:: Data section
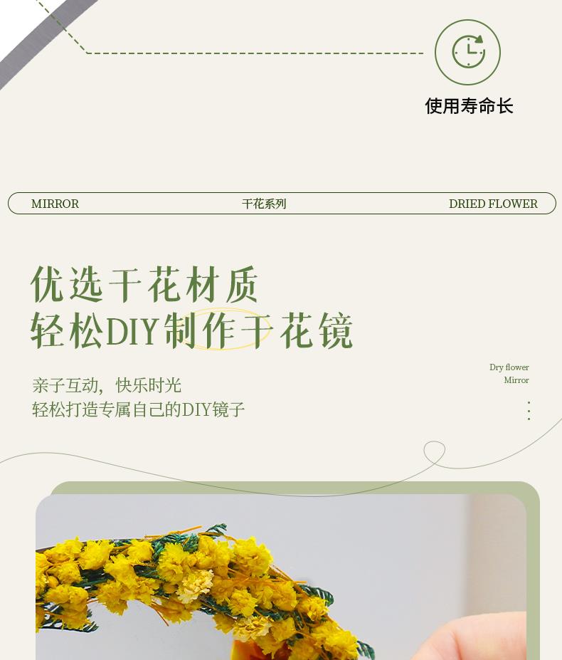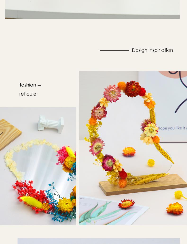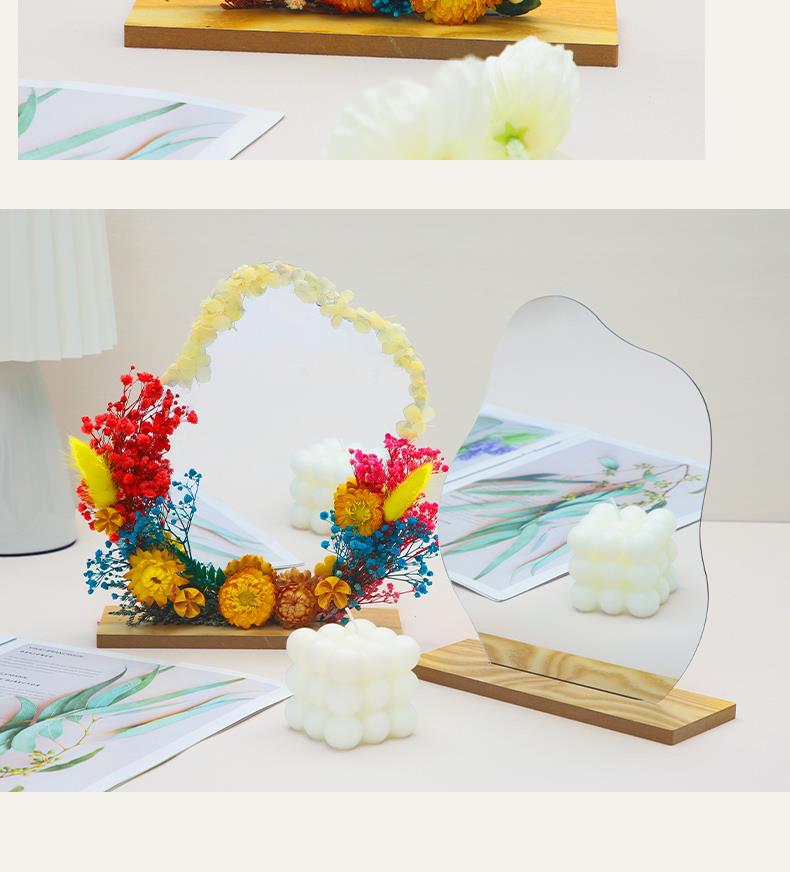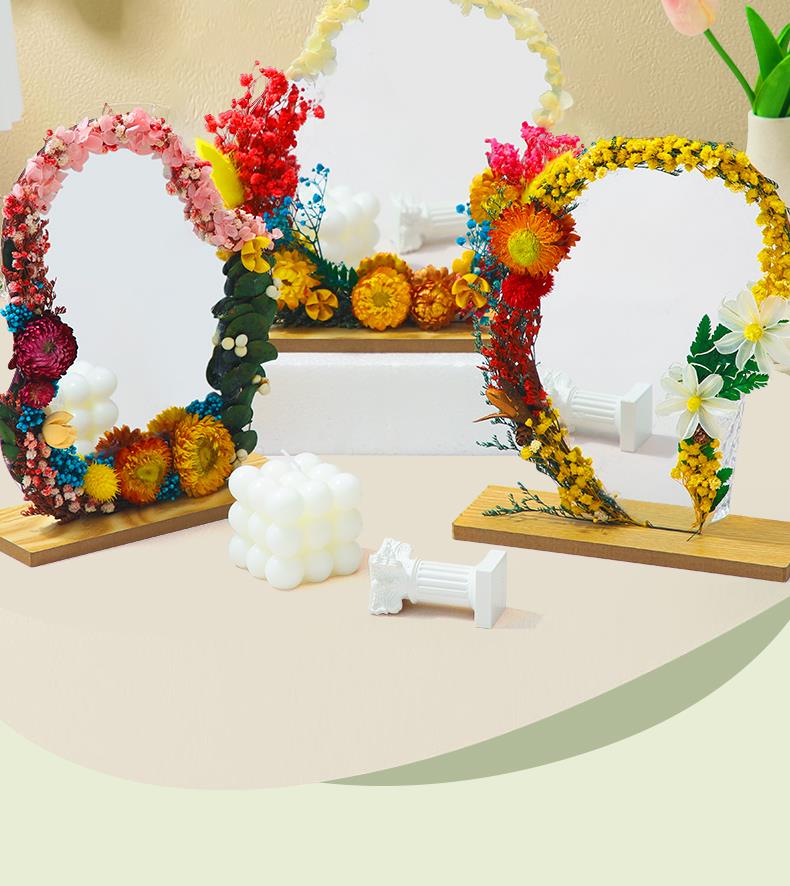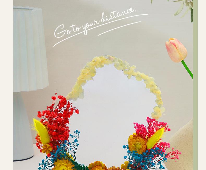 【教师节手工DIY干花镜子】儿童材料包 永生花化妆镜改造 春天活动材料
::::
:: Data section
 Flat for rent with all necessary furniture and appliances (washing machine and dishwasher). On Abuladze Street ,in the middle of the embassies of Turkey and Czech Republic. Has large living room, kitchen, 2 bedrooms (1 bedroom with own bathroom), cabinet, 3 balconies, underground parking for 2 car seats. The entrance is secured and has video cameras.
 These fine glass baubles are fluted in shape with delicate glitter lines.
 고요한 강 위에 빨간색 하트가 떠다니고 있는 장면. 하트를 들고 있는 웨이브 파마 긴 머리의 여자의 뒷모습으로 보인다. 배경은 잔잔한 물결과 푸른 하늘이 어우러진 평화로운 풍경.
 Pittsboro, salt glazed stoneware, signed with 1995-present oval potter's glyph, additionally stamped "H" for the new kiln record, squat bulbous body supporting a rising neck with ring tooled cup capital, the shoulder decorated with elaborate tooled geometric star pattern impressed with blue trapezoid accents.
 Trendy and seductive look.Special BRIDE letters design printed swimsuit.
::::
- **Problem to solve**: Among the lines above, return those that contain the string "with".

- **Result**:
 Flat for rent with all necessary furniture and appliances (washing machine and dishwasher). On Abuladze Street ,in the middle of the embassies of Turkey and Czech Republic. Has large living room, kitchen, 2 bedrooms (1 bedroom with own bathroom), cabinet, 3 balconies, underground parking for 2 car seats. The entrance is secured and has video cameras.
 These fine glass baubles are fluted in shape with delicate glitter lines.
 Pittsboro, salt glazed stoneware, signed with 1995-present oval potter's glyph, additionally stamped "H" for the new kiln record, squat bulbous body supporting a rising neck with ring tooled cup capital, the shoulder decorated with elaborate tooled geometric star pattern impressed with blue trapezoid accents.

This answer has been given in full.